Lebanon settles after violent protests
Life was returning to normal in the Lebanese capital and around the country today, a day after violent confrontation between government supporters and opponents killed three people and wounded dozens in the worst escalation of the Hezbollah-led opposition’s campaign to topple Prime Minister Fuad Saniora’s Western-backed Cabinet.
Most private and public schools that closed yesterday after Hezbollah and its allies called a general strike against the government reopened today as did banks and commercial shops in Beirut and other cities.
The road to Beirut Airport, closed by burning tyres and earth barricades set up by Hezbollah’s supporters, was reopened by the Lebanese army shortly after midnight.

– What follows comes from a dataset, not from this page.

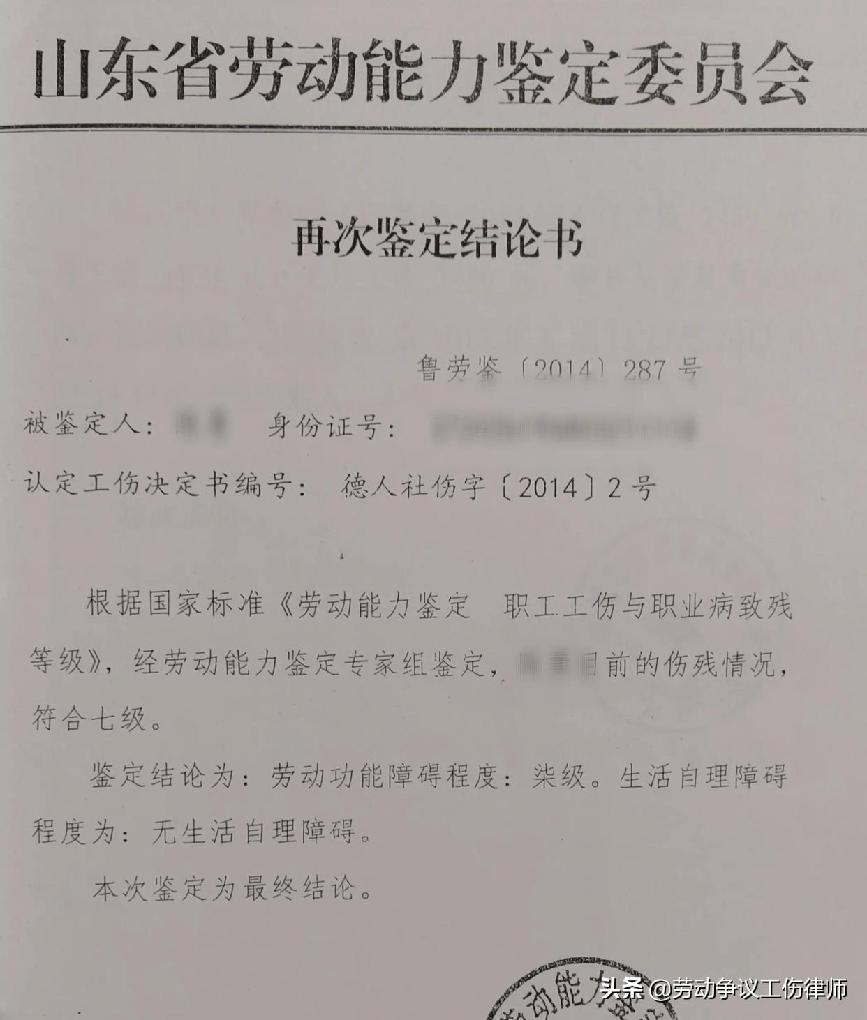 职工初次伤残等级是八级,在这种情况下大多数额当事人或律师会认可伤残等级然后申请劳动仲裁要求赔偿,我拿到鉴定后看伤残等级鉴定低,建议职工向省劳动能力鉴定委员会申请再次鉴定,争取提高伤残等级。这就是在动态中发现问题处理问题,最后省劳动能力鉴定委会作出鉴定结论伤残等级是七级,比原来提高了一级,这一项就可以多赔好几万。工伤待遇21万。
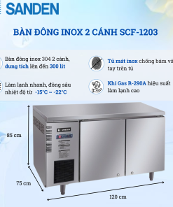 Bàn Mát/Bàn Đông Inox Sanden SCC-1263/SCF-1263 Dung Tích 235 Lít, Sâu 600mm

This allowed a Middle East Airlines plane to fly to Milan this morning.
Roads at Beirut’s northern and southern entrances were reopened to traffic after they were blocked by burning tyres and sand barricades by protesters.
Hezbollah-led protesters burned tyres and cars and clashed with government supporters yesterday, paralysing Beirut and areas across Lebanon in the worst violence yet in the pro-Iranian group’s campaign to oust Saniora’s government.
The opposition’s call to end the protests came hours ahead of Saniora’s departure early today for France to attend an international donors’ conference aimed at raising billions of dollars in aid for rebuilding the devastation caused by last summer’s Israel-Hezbollah war.
Saniora flew from Beirut Airport to Paris on a private jet accompanied by three members of his government, which is facing stepped up protests by the Hezbollah-led opposition to topple it.
During yesterday’s strike, pro and anti-government groups battled each other around street barricades with stone-throwing and in some cases gunfire. Black smoke poured into the sky over Beirut from burning roadblocks.
The fighting quickly took on a dangerous sectarian tone in a country whose divided communities fought a bloody 1975-to-1990 civil war.
Gunmen from neighbouring districts in the northern city of Tripoli, one largely Sunni Muslim, the other largely Alawites, a Shiite Muslim offshoot, fought each other, causing two of the fatalities.
The day gave a frightening glimpse of how quickly the confrontation between Saniora’s government and the Iranian-backed Hezbollah and its allies could spiral out of control, enflame tensions among Sunnis, Shiites and Christians and throw Lebanon into deeper turmoil.
In the evening, the opposition announced it would call off the roadblocks and the nationwide general strike that sparked the unrest, saying it had delivered a warning to the government, but it threatened more protests.